Hoy vino Moisés a casa. Vino Moisés a contar historias. Sobre la teoría ideal. Sobre el trabajo. Sobre la filosofía. Sobre el dinero. Sobre la epilepsia. Sobre la historia. Las historias. Me contó, y sostuvo vehementemente, que hay (la ha visto) una amplia y clara distinción entre contar y contar. Es decir, entre relatar y hacer ficción. La primera “se cuelga de los hechos mismos sin formar sus personajes.” La segunda “parece más completa, más redonda.” No entendí la historia sobre contar y contar. Pero entre historia y relato sentía pasar el tiempo. El tiempo real. Ese tiempo simple, insípido, sin mayor pretensión. Ese que no se va porque nunca estuvo. Ese que no deja huella ni emoción.
Hoy descubro que hace diez meses llegué a esta ciudad que abandoné hace seis años ya. Me he contado historias. Muchas. Todas con el fin de acomodar mi vida en este sitio. Todas igual que las demás historias que hace años me conté para estar bien allá, acá y donde más fuera. De mis treinta años llevo quizás veintiocho, seguros veinticinco, contándome historias para andar. Historias para caminar. Historias para sonreír, para descansar, para correr, para trabajar. Hace quince aproximadamente me cansé de esas historias. ¿Por qué así? Preguntaba. ¿De dónde ese afán por tomarnos el pelo, contínuamente, sin descanso?
Diez meses aquí. Quince años más tarde. Sigo sentado, solo, escribiendo esta historia recurrente que busco cuando no encuentro otra para correr, para pensar, para dormitar. Y así, entre relato y ficción, descubro lentamente la gran verdad que hay detrás del silencio y la oscuridad: la realidad misma que no exige historias, que pide cancelar toda representación.
Descubro lentamente que la felicidad, de haberla, está ahí. Allá. Lejos. Fuera de toda historia, de todo relato y toda ficción.

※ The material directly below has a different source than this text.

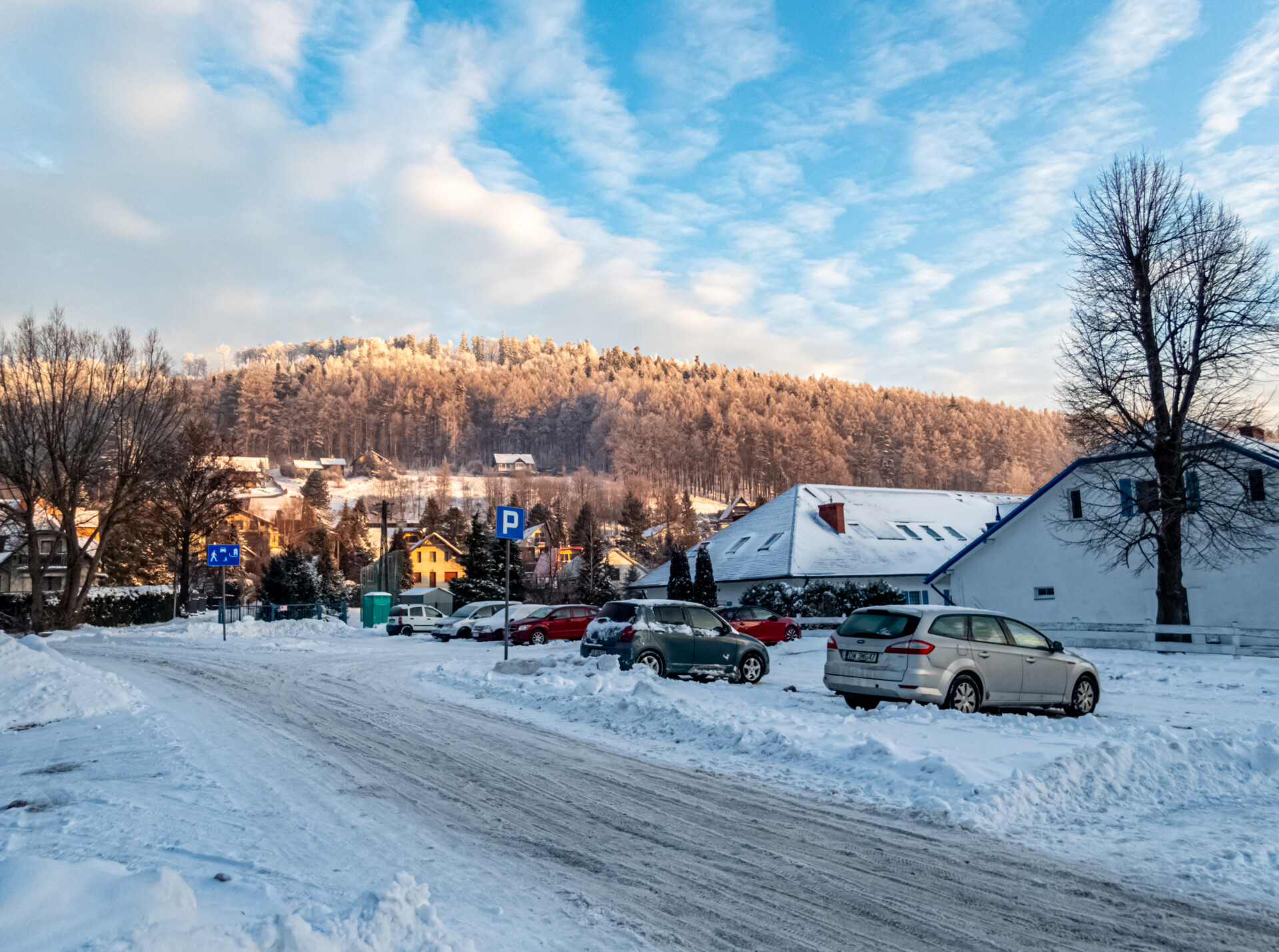 Wyczekiwane okno pogodowe trafiło się 14 stycznia 2025 roku. Skoro świt udałem się na darmowy parking przy ul. Beskidzkiej w Bystrej. Tuż po godzinie ósmej ruszyłem czerwonym szlakiem ku przygodzie.

“Estoy sentado. En silencio. Tecleo. Escribo. Seña por dedo. Por percusión. Estoy triste. Tal vez lo soy. Me duele verme así. Me molesta.”
No bien empiezo a relatarme, me pierdo. Preso de mi propia imaginación que me obliga a desatenderme para lograr imaginarme a la perfección más ingenua. No bien empiezo a relatarme, dejo de ser lo que soy para comenzar a no ser lo que escribo. Habría que guardar silencio y meramente observar el intercambio molecular que lo rige todo sin excepción. Guardar silencio para dejar de relatar. Dejar de fingir.
Descubro que la felicidad no es una historia, ni todas. Nada de eso. No es una propiedad del relato, ni de la ficción, ni del contar por contar. La felicidad se asoma cuando uno deja sus historias de lado. Nada misterioso hay en ella. Nada más allá del hecho simple, perfecto y contundente de no encontrarse imaginando cosas. El simple hecho de detenerse y ya. Es todo.
Hoy descubrí que dedicamos nuestra vida a nuestras historias. Quizás habría que comenzar a la inversa y dedicar, como es debido, la ficción a la vida y no, como suelo hacer desde hace años, la vida a la ficción. Suelo pervertir el orden y pensar que las historias son sobre la vida. Y la evidencia es rotunda. Hemos hecho de la vida una historia. Un recorte de periódico, una nota publicitaria, la noticia de la tarde. Una historia, dos historia, tres.
Me detengo, pues, a sonreír. Porque aquí nada sucede. Todo se cuenta. Se relata. Habría que guardar silencio para mostrar que uno vuelve para ver que no hay manera de volver jamás.
Comenzar un relato. Continuar una vida por encima de todas. Algún día, espero, alcanzaré el silencio. Para no contar más.